Big data and ticket prices
The NFL is increasing the price of its most expensive Super Bowl tickets in order to “close the gap between the face value of the ticket and its true value as reflected on the secondary market.” You can see why they’d want to do this: if a $1,250 ticket is going to end up fetching aver $2,500 on the secondary market, why not try to capture some of that difference in the primary market?
Thanks to the online secondary marketplace, we’re getting a much better and transparent sense of the true value of a ticket. Some are worth almost half of face value (if that). Others sell for many times the original asking price. As schools continue to partner with these secondary brokers, they should be gathering quite a bit of data about the demand for their tickets.

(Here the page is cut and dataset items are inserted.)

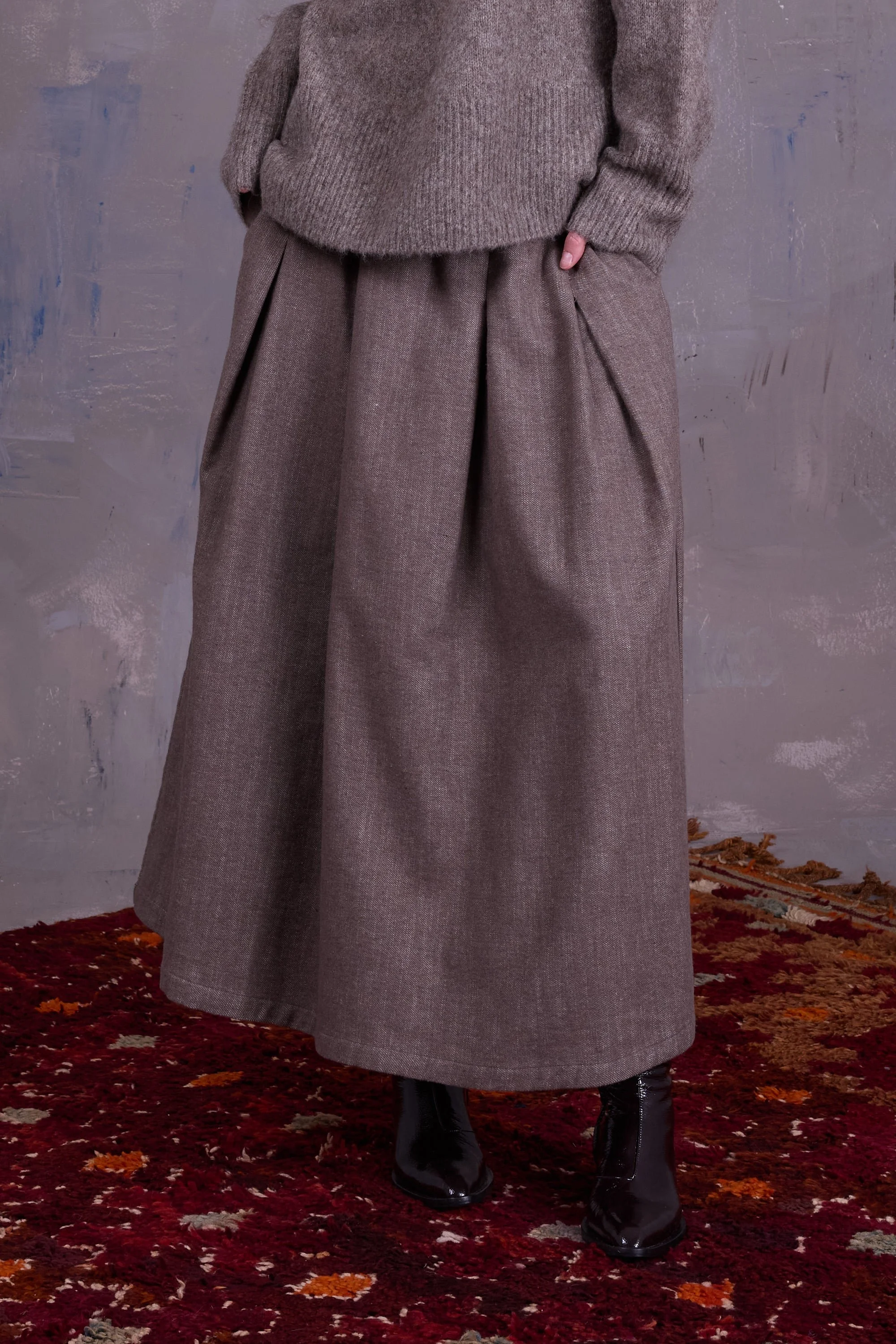 Losvallende rok met plooien , zakken en elastiek in de taille
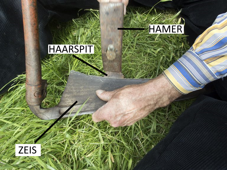Het was reuze gezellig en heb leuke praatjes gemaakt met diverse mensen. Op de braderie viel ook van alles te zien : Manden maken, een zeis of een zicht haren (aanscherpen), Knipmutsen maken, schilderkunsten op aardewerk, stoelen matten, enz. Het haren (aanscherpen) van een zeis. Met een hamer wordt de zeis welke op het haarspit ligt uitgeklopt waardoor het materiaal van de zeis dunner wordt en er een scherpe rand ontstaat. Deze scherpe rand wordt nabewerkt door met een z.g. wetsteen langs de gehaarde rand te strijken waar door de zeis echt scherp wordt.
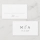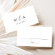 Modern wedding place cards featuring black calligraphy script on a white background. The back of the black and white place cards feature your monogram initials with your wedding date shown below. The elegant script place cards are perfect for modern wedding receptions, rehearsal dinners, and other special events.
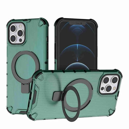 Funda para Teléfono iPhone 12 Pro Max Soporte Rejilla a Prueba de Golpes (Verde)
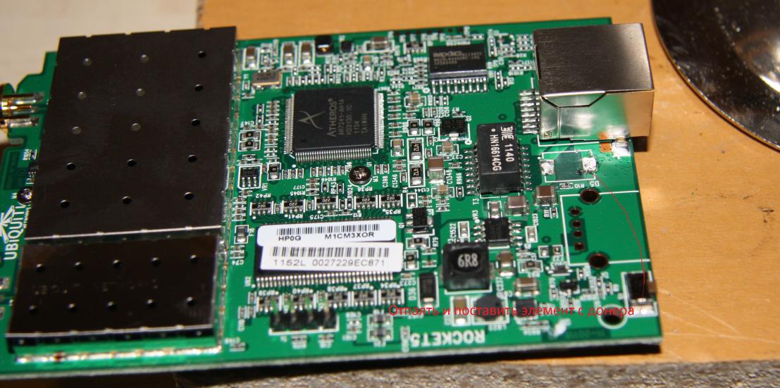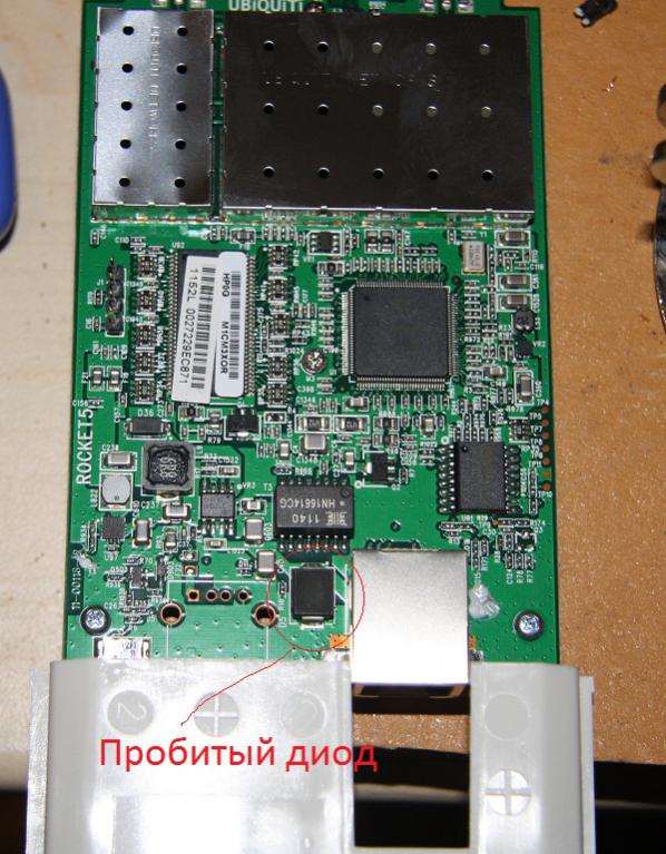 При диагностике было выявлено, что диод пробит высоким напряжением. Он сильно грелся. Отпаяв его, берем точно такой же с донора. У меня был дохлый ROCKET M2. Возможно, можно использовать диод подобного размера с любого другого оборудования. Была мысль попробовать вставить туда советский д220. Но в моем случае под рукой оказался донор.
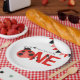 Aquarelle Ladybug sur blanc - Oh Quel plaisir d'être un 1er anniversaire Plaques de papier fête rouge, rose, noir, blanc
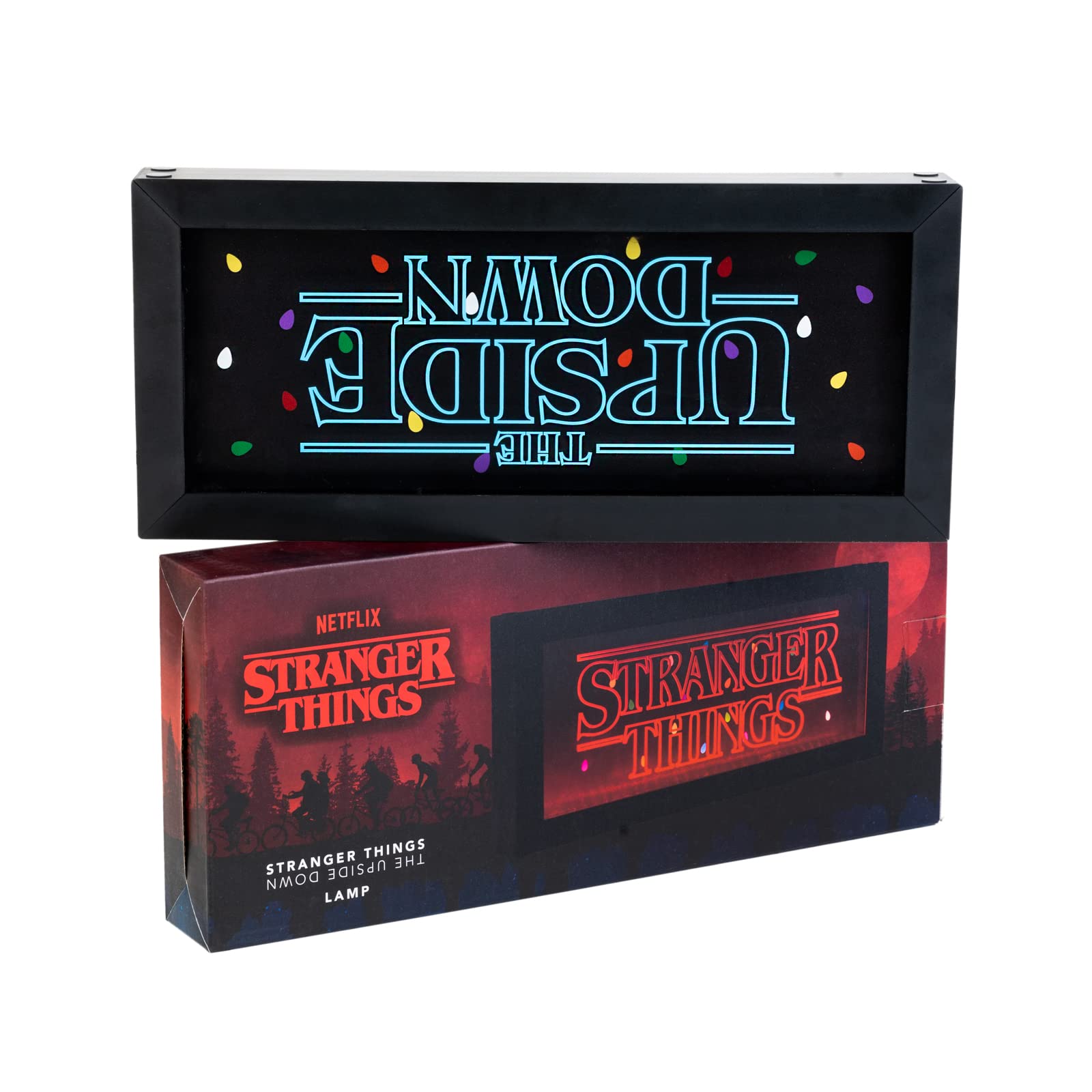 What's not to love about Netflix's hit sci-fi series Stranger Things? From the nostalgic 80s feels to the eclectic soundtrack; supernatural, spooky adventures in a small town to the uber-talented cast of kids and cult characters it's got all the ingredients for a truly explosive sci-fi series and turned our worlds Upside Down from the very first episode. WARNING: 1. For Indoor use only. 2. It is not a toy and please keep out of reach from the children. Batteries, battery cover & screws may be swallowed by children. 3. Please don't dissemble this product in order to avoid the abnormal operation. 4. Keep away from fire, water and humidity. Store in a dry and cool place. 5. Please install correct batteries (4.5V = 3 x AAA). Otherwise, it may cause short-circuited. 6. Please remove the batteries when not in used. 7. Please do not mix new and used batteries. 8. Please do not mix alkaline, standard (carbon-zinc), or rechargeable (nickel-cadmium) batteries. CLEANING INSTRUCTIONS: Wipe acrylic with a clean soft cloth. Do not use abrasive cleaners as it will damage surface. MATERIAL: ABS + Acrylic. BATTERY: 4.5V = 3xAAA (Batteries are not included). USB: Type C (included). NET WEIGHT: 667.5g.

In a day when schools are squeezing all of the money they can out of their football programs, will they use this data to adjust future prices? Differential ticket pricing is already done at this level, but it’s still somewhat crude. Several of our opponents already place Georgia in a premium tier. More attractive opponents create higher demand, and prices are set higher. But how much higher? If we know that a visit from Alabama brings resale prices to over $200, why stop at a premium price of $90? Of course you have to balance maximizing revenue with selling out the stadium (not necessarily the same thing), but you’ll at least start with a more precise idea of what the price should be.
Any tinkering with ticket prices will be a slow process. You have an entrenched fan base used to a certain system, and there will be a negative reaction if too much is done too soon – especially if similar adjustments aren’t made at the bottom end of the scale for less-attractive games. But as the data builds and schools get an exact picture of the demand for their tickets, it will be very tempting to transfer those premiums from the secondary markets into the coffers of the teams. As with the NFL and the Super Bowl, I’d expect this to start with the CFB playoff where the potential gap between primary and secondary markets is the highest. Just don’t be surprised to see it from individual conferences and schools down the road.